Bahamas

9.3.15


O azul turquesa das águas quentes e cristalinas, do Atlântico banhado pela corrente do Golfo invade-nos os sentidos. Uma brisa tépida e suave beija-nos o rosto e dá-nos as boas vindas! É impossível resistir a tamanha tentação neste paraíso tropical. Chegamos a Nassau, a capital das Bahamas, na ilha de New Providence!

O povo acolhedor e de sorriso fácil recebe-nos como se fossemos parte das suas famílias.

O porto e o centro da cidade estão invadidos de pintores, artesãos, vendedores ambulantes, restaurantes (onde poderão apreciar os tradicionais: “conch”, um molusco local e beber a cerveja Kilik), além das lojas tax free onde os preços convidam a comprar um bom relógio ou uma jóia mais requintada.

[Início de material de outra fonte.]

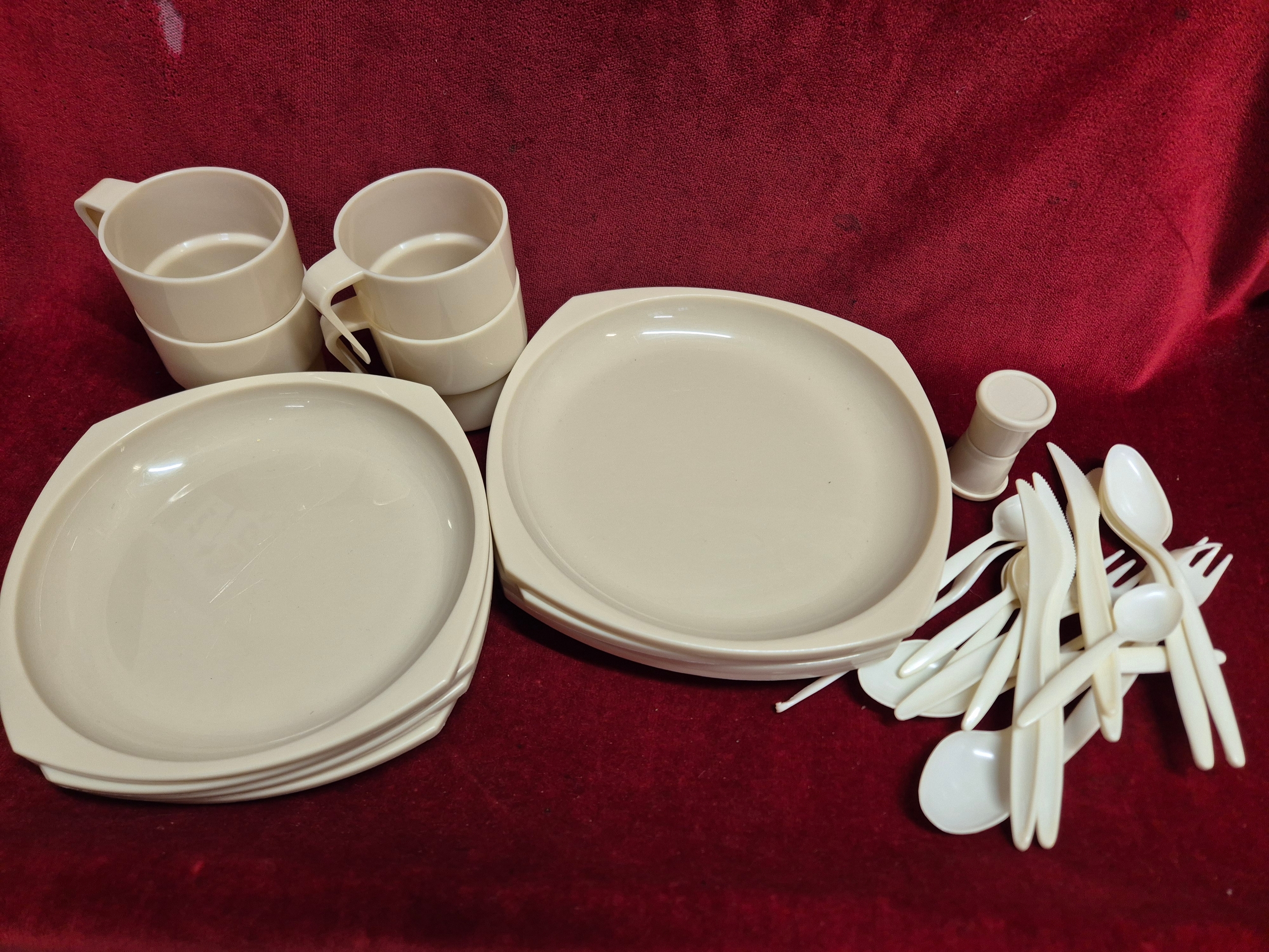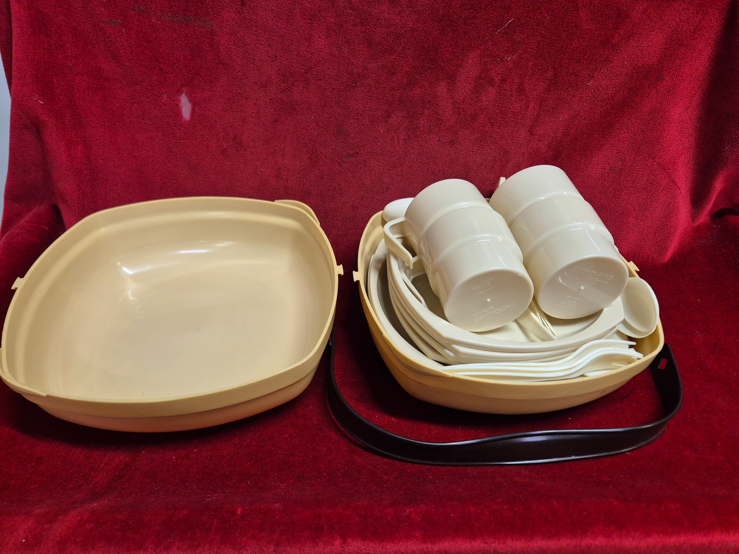 Retro melamine picnic set 'Patioware by Twinco' in carry case with cups, plates, cutlery and cruet set
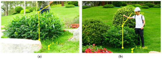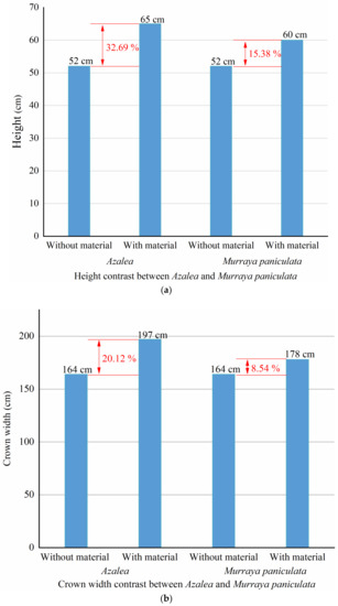 Comparison of shrub height and crown width on the on-site slope. (a) Height contrast between Azalea and Murraya paniculata. (b) Crown width contrast between Azalea and Murraya paniculata.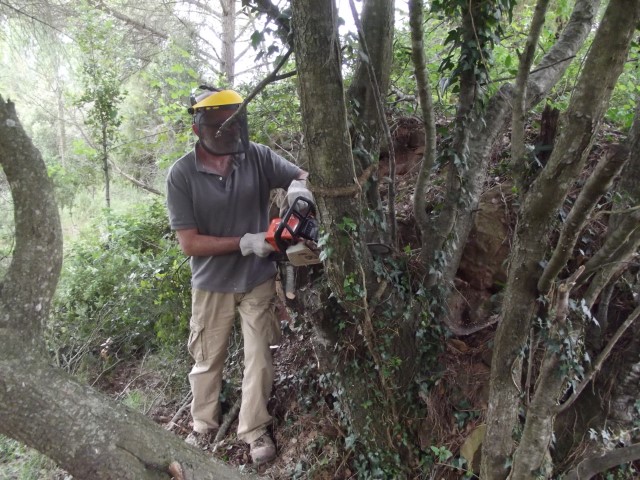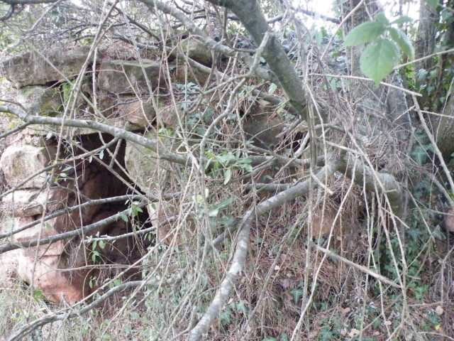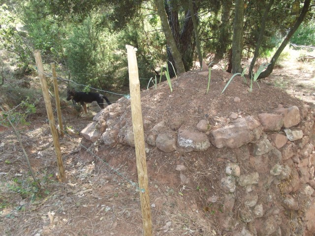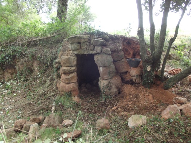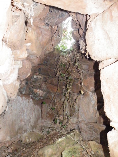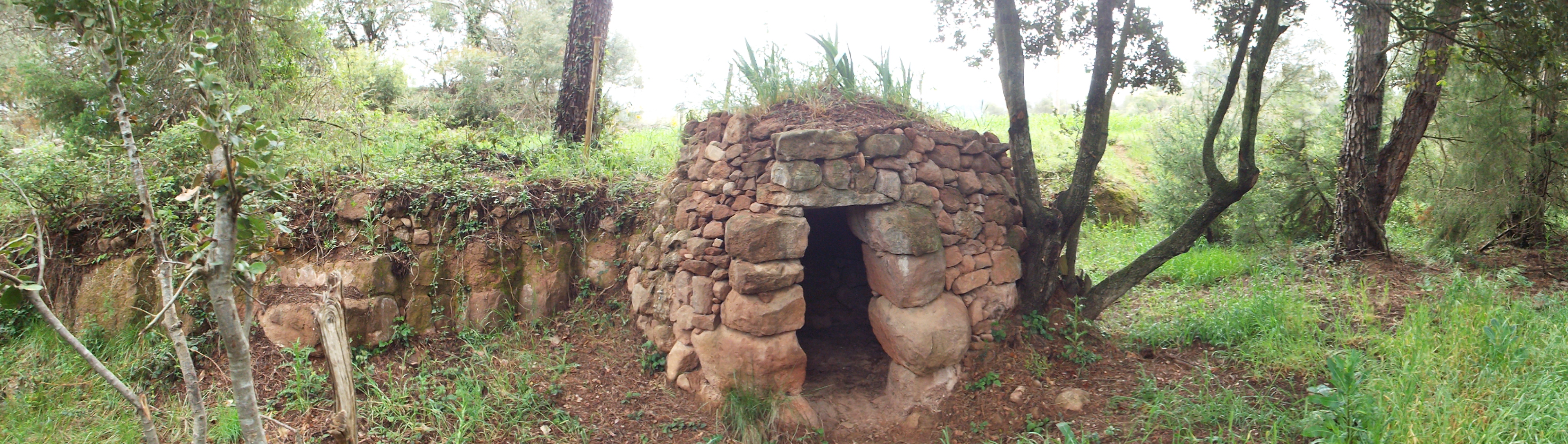 Normalment hauríem tallat l'alzina, donat que comproment - i molt - l'estructura de la barraca, però vam decidir fer la prova que convisquéssin, i només en vam podar algunes branques. Si la pedra seca ja sol estar integrada en el paisatge, aquesta també està integrada en la vegetació!

As crianças gostam de desvendar os mistérios dos simples brinquedos caribenhos. As tartarugas, feitas a partir da casca do coco são um sucesso, entre a pequenada local e estrangeira.



No cais existem várias possibilidades de passeios. Um deles, faz-se numa embarcação com o casco em vidro que permite ver o fundo do mar. É uma viagem agradabilíssima e inesquecível. A bordo existe um pequeno aquário que dá a conhecer as várias espécies endémicas de fauna. Durante a viagem avistamos peixes coloridos, alguns com formas raras, corais, destroços de navios e até mergulhadores. Existem outros passeios, também pelo mar que nos permitem conhecer, ao vivo, acabadas de apanhar estrelas-do-mar e outros seres fantásticos destes mares (são naturalmente devolvidos à natureza).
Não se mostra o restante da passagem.